British Mountaineering Council Meet

Publication Year: 1983.

British Mountaineering Council Meet. Mark Hutchinson, our British Mountaineering Council host, has a most enjoyable and charismatic personality and did an unsurpassable job of organizing the meet and in particular of arranging an itinerary which allowed us a sampling of a wealth of crags in a relatively short time. The BMC reserved a hut in Capel Curig for our week in North Wales and a hut near Matlock for our week in the Peak District, a complex area of hills and valleys near Sheffield. The latter has limestone in the valleys and gritstone on the ridges of the hills. We took day excursions from these huts and returned each night. Meals were prepared as a group, using the hut facilities, Especially enjoyable were the several evening meals we had at fish-and-chips shops, Indian Tandoori restaurants and other typically British eating places. Transport was via a rented van combined with several private cars belonging to British participants. This allowed us to split up when consensus dictated and visit several crags simultaneously. Climbing with many of Britain’s top climbers, I feel we all developed an appreciation not only of the distinctly bold style and high standard of climbing but also of the intense social scene in British climbing, due in part to the great number of active climbers combined with the limited size of the country.

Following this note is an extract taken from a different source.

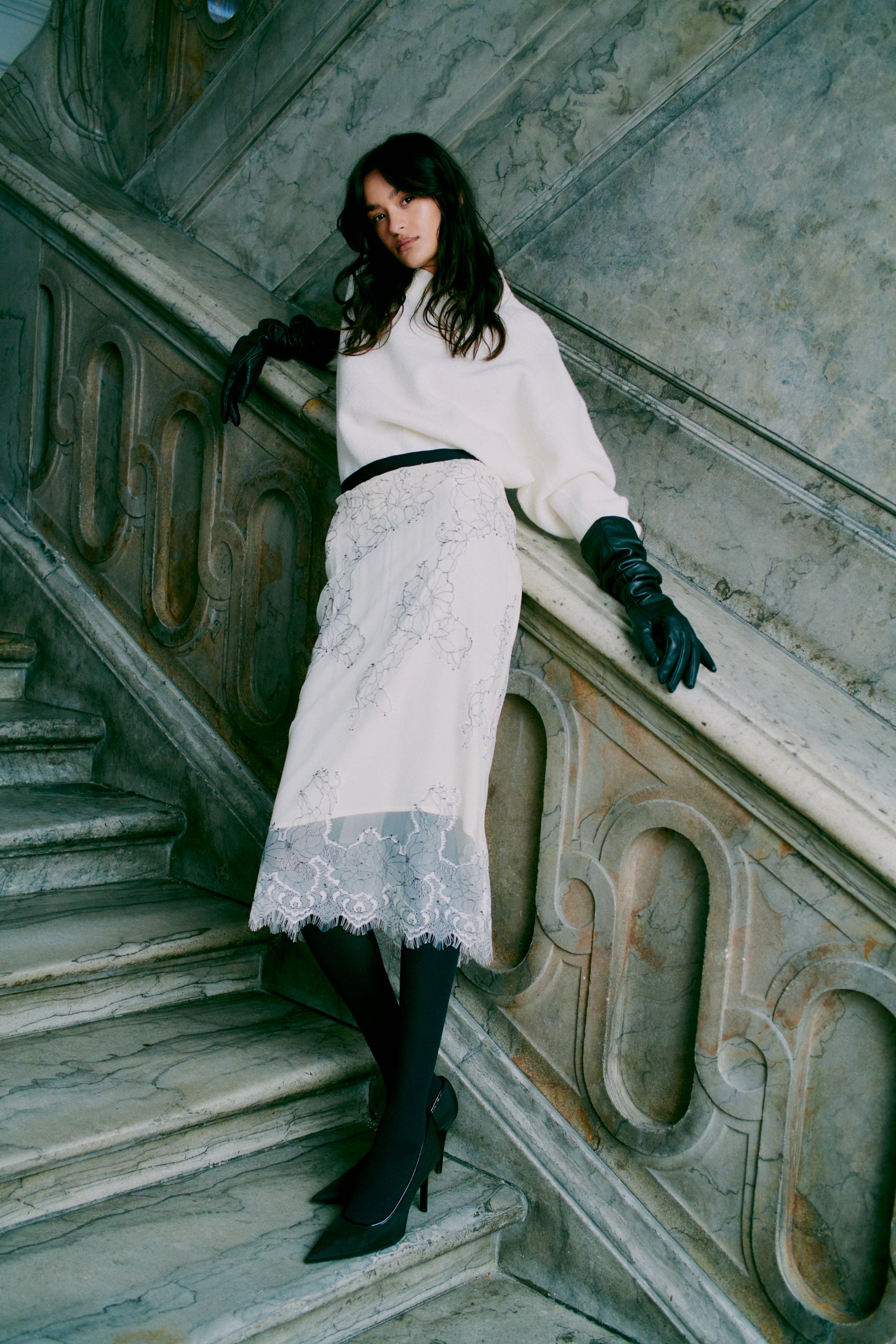 Second Female transparenter elastischer Rock aus heller Spitze. Der Rock ist aus sehr leichter Spitze mit Kontrast-Stitching. Die Spitze am Rock ist unterlegt, der Bund ist elastisch, in Kontrastfarbe Schwarz. Der Rock hat einen verdeckten Reißverschluss im Rücken. Durch schwarzen Bund und Stitchings, ist der Rock gut kombinierbar zu schwarzen Schuhen, Strumpfhosen etc. Nicht nur im Winter ein tolles Wow-Piece, auch im Sommer mit Hemd, Bluse oder T-Shirt tragbar.

Climbers frequently travel to all parts of the country and are very much aware of and keenly interested in what others are accomplishing. This fosters a strong sense of competition among British climbers which is lacking in the United States. I personally was able to do 34 different routes of high standard, from 5.10a to 5.12b. The BMC graciously treated us to several evenings in the pubs, allowing us to appreciate these social gathering spots as well as to taste the legendary beer! Those representing the American Alpine Club were Douglas Madara, Randy Vogel, Maria Cranor, Kjell Swedin, Dan Lepeska and I.